PS: pls don’t forget to give Best Answers, because according to “new rules”
only the asker may give Best Answers.
To me or to anybody else !! —> it’s about keeping people motivated to answer!
michael

As we know, multiples of pi do not change the tan function, so we can rewrite tan(17pi/12) as tan(5pi/12):
tan(5pi/12)
Rewrite tan as sin/cos:
sin(5pi/12) / cos(5pi/12)
Rewrite 5pi/12 as 8pi/12 – 3pi/12:
sin(8pi/12 – 3pi/12) / cos(8pi/12 – 3pi/12)
sin(2pi/3 – pi/4) / cos(2pi/3 – pi/4)
Expand the brackets using the compound angle formula:
[sin(2pi/3)cos(pi/4) – cos(2pi/3)sin(pi/4)] / [cos(2pi/3)cos(pi/4) + sin(2pi/3)sin(pi/4)]
Recall that cos(pi/4) and sin(pi/4) = 1 / sqrt(2):
[sin(2pi/3) * 1/sqrt(2) – cos(2pi/3) * 1/sqrt(2)] / [cos(2pi/3) * 1/sqrt(2) + sin(2pi/3) * 1 / sqrt(2)]

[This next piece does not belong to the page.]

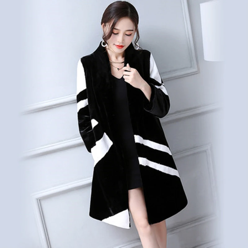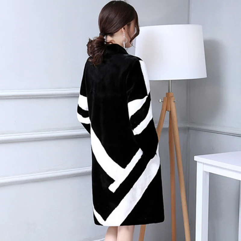 Модное качественное женское превосходное длинное кашемировое пальто в стиле пэчворк, в полоску, с v-образным вырезом, пальто размера плюс, с...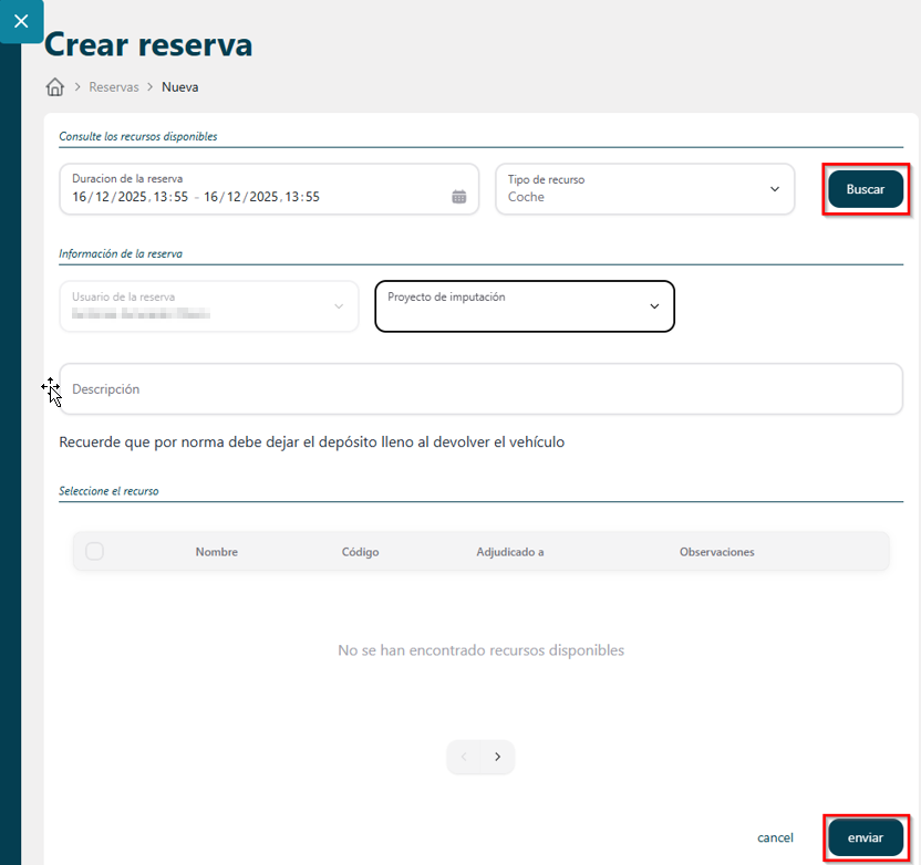 Una vez cubiertos todos los campos, hacer clic sobre Enviar para guardar la reserva.

= [sin(2pi/3) – cos(2pi/3)] / [cos(2pi/3) + sin(2pi/3)]
Rewrite the trig functions as half angles:
= [2sin(pi/3)cos(pi/3) – cos^2(pi/3) + sin^2(pi/3)] / [cos^2(pi/3) – sin^2(pi/3) + 2sin(pi/3)cos(pi/3)]
= [sqrt(3) * 1/2 – 1/4 + 3/4] / [-1/4 + 3/4 + sqrt(3) * 1/2]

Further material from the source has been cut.